Activity: The data below holds the lines to copy: everything from the line containing "Mexen Elias гранитна" to the line containing "11 - يَجُوزُ", both ends included, set down exactly.

Provided records:
----------------------------------------

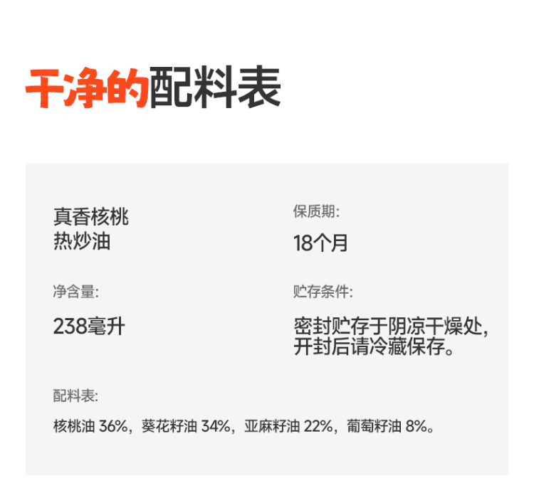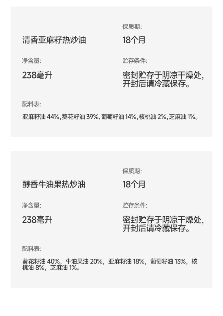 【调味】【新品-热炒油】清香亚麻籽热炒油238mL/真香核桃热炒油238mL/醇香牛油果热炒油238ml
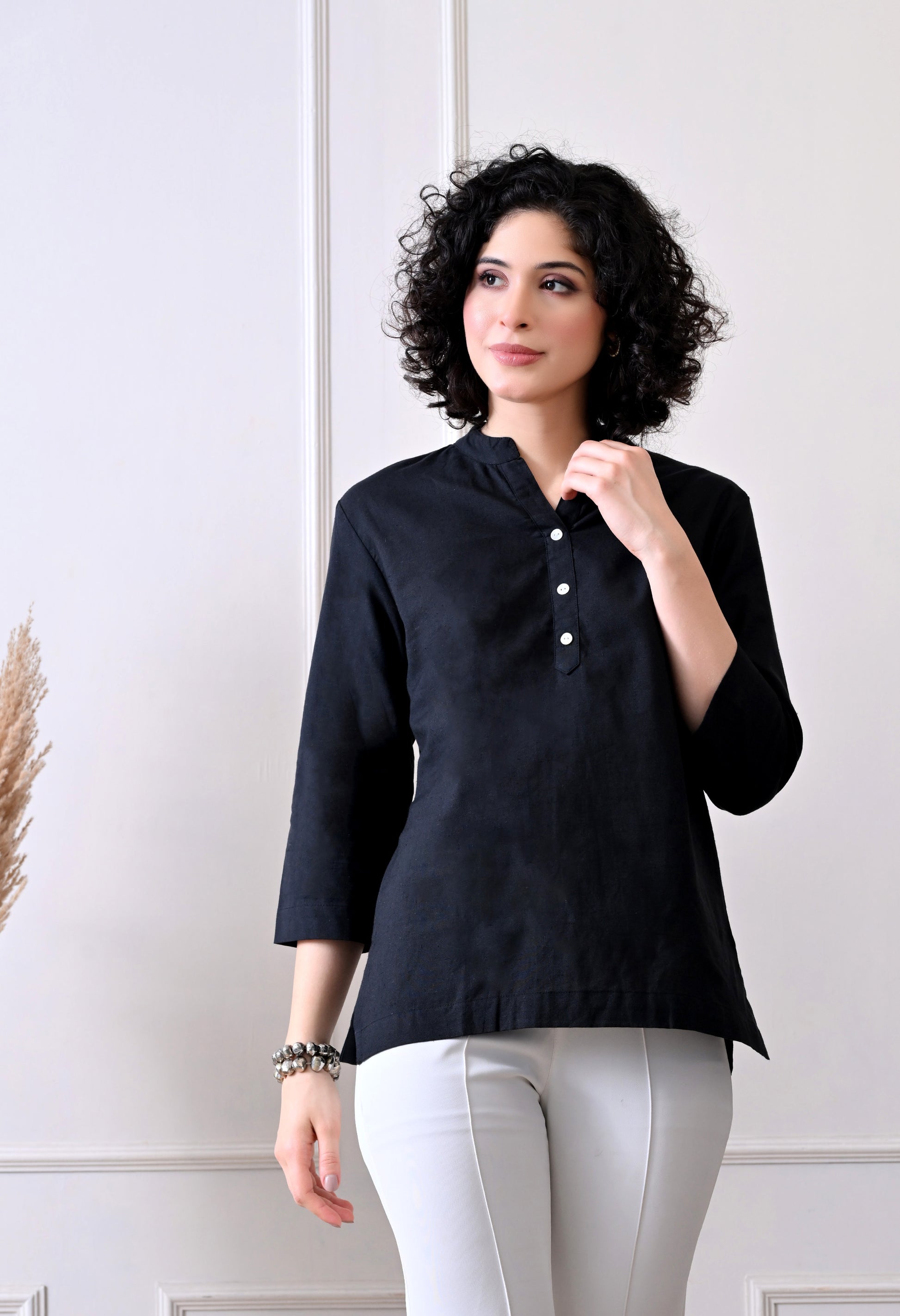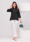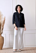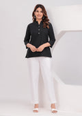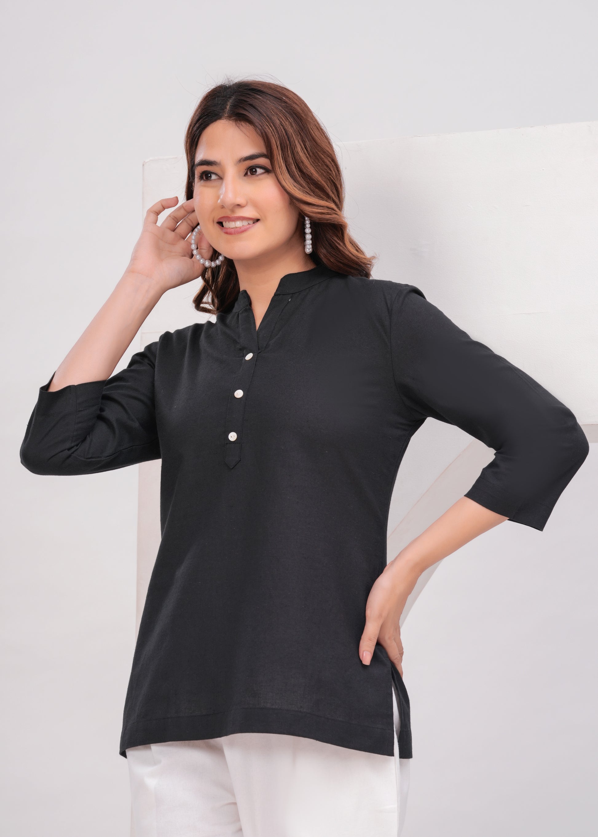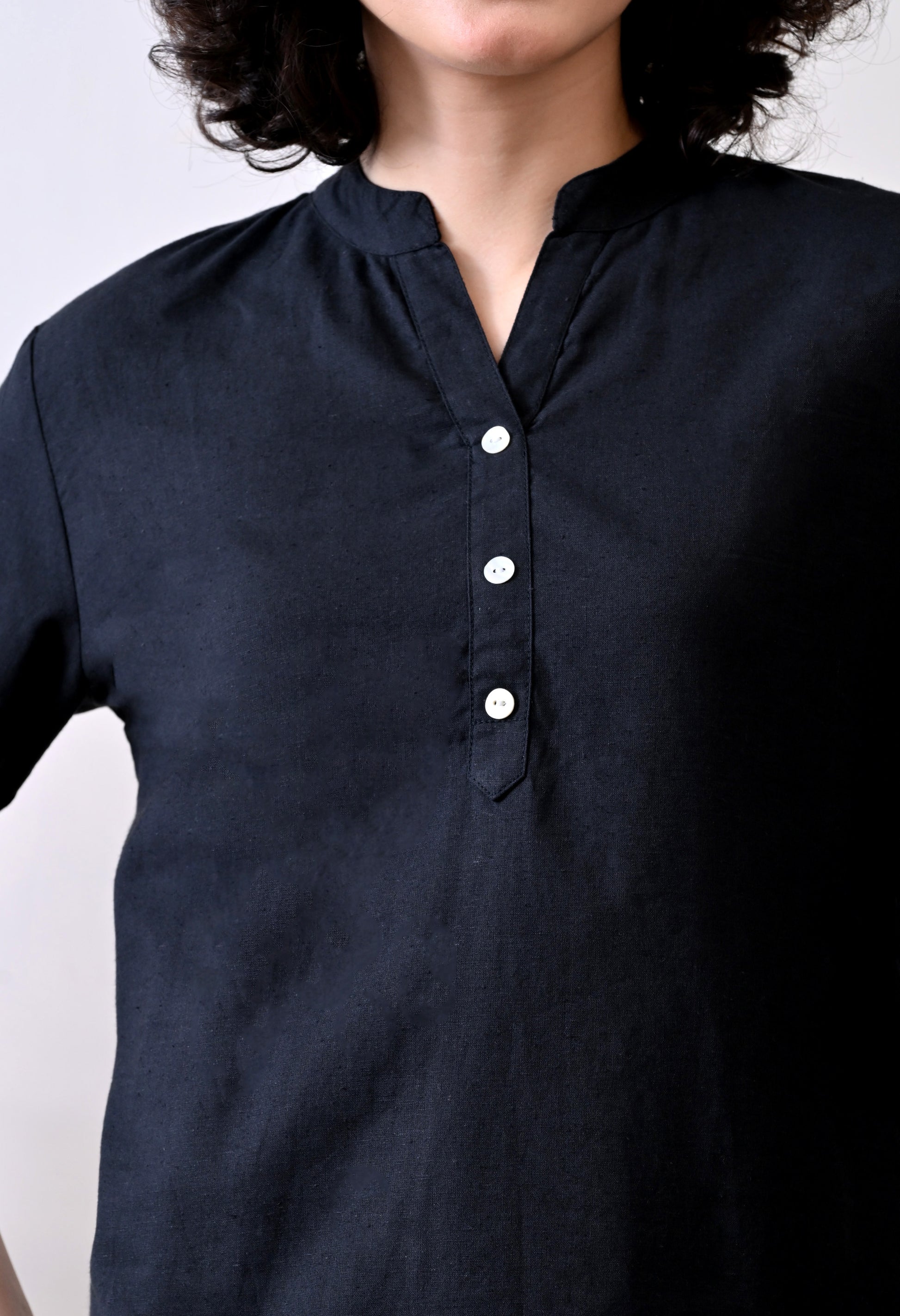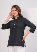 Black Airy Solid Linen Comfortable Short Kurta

----------------------------------------

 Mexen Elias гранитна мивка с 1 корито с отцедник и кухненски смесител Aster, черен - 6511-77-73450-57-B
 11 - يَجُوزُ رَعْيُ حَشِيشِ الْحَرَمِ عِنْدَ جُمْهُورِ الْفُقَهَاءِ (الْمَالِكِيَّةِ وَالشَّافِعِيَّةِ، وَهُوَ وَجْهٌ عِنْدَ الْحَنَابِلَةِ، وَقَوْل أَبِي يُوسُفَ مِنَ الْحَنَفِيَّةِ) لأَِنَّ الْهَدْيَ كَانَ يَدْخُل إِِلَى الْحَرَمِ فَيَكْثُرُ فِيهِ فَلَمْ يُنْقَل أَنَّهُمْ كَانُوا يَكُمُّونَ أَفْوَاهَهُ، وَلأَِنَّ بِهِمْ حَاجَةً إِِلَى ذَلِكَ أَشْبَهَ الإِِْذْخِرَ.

----------------------------------------

Output of the task:
 Mexen Elias гранитна мивка с 1 корито с отцедник и кухненски смесител Aster, черен - 6511-77-73450-57-B
 11 - يَجُوزُ رَعْيُ حَشِيشِ الْحَرَمِ عِنْدَ جُمْهُورِ الْفُقَهَاءِ (الْمَالِكِيَّةِ وَالشَّافِعِيَّةِ، وَهُوَ وَجْهٌ عِنْدَ الْحَنَابِلَةِ، وَقَوْل أَبِي يُوسُفَ مِنَ الْحَنَفِيَّةِ) لأَِنَّ الْهَدْيَ كَانَ يَدْخُل إِِلَى الْحَرَمِ فَيَكْثُرُ فِيهِ فَلَمْ يُنْقَل أَنَّهُمْ كَانُوا يَكُمُّونَ أَفْوَاهَهُ، وَلأَِنَّ بِهِمْ حَاجَةً إِِلَى ذَلِكَ أَشْبَهَ الإِِْذْخِرَ.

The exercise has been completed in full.